*Provided material*
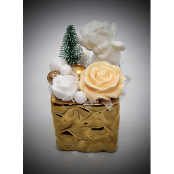 Szappanvirág angyalka - arany színű kocka kaspóban 4. Kézzel készített, illatos szappan csokrok, asztali díszek, egyedi szappanok és fürdősók
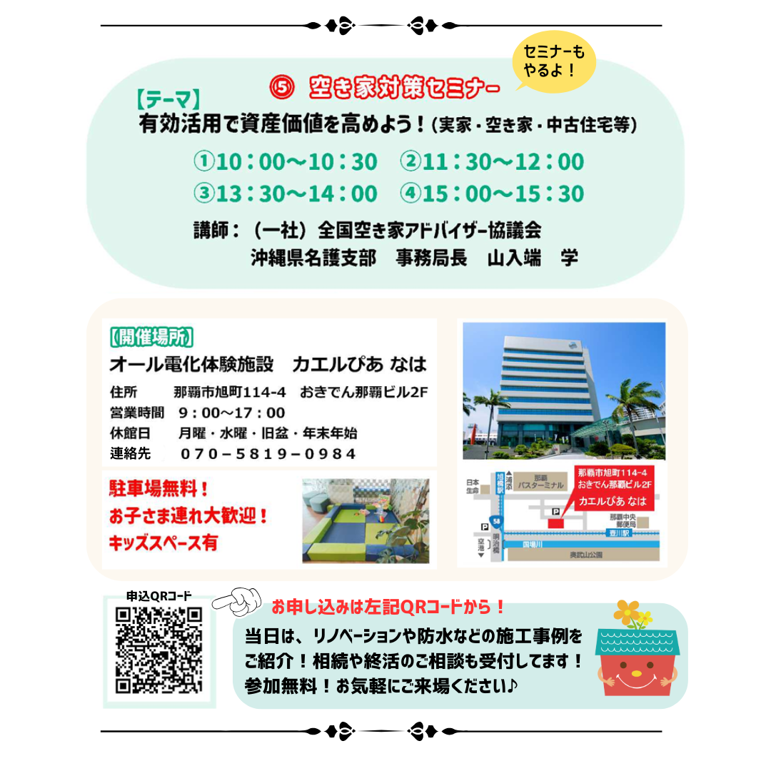 【開催場所】オール電化体験施設 カエルぴあなは 那覇市旭町114-4 おきでん那覇ビル2F
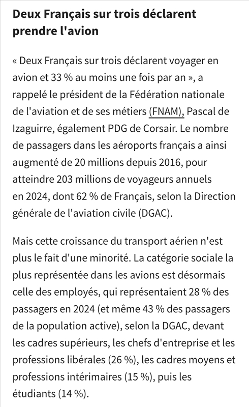 Polza Mancini | C'est pas l'info la plus encourageante de la journée, à part pour ceux dont l'activité rémunératrice consiste à cramer du kérosène (ce qui est bon pour le pib). |

*Problem statement*
Extract the run of lines from the line holding "カエルぴあなは 那覇市旭町114-4 おきでん那覇ビル2F" through the final line of the material above, exactly and inclusively. Leave the pictures behind.

*Answer to the exercise*
 【開催場所】オール電化体験施設 カエルぴあなは 那覇市旭町114-4 おきでん那覇ビル2F
 Polza Mancini | C'est pas l'info la plus encourageante de la journée, à part pour ceux dont l'activité rémunératrice consiste à cramer du kérosène (ce qui est bon pour le pib). |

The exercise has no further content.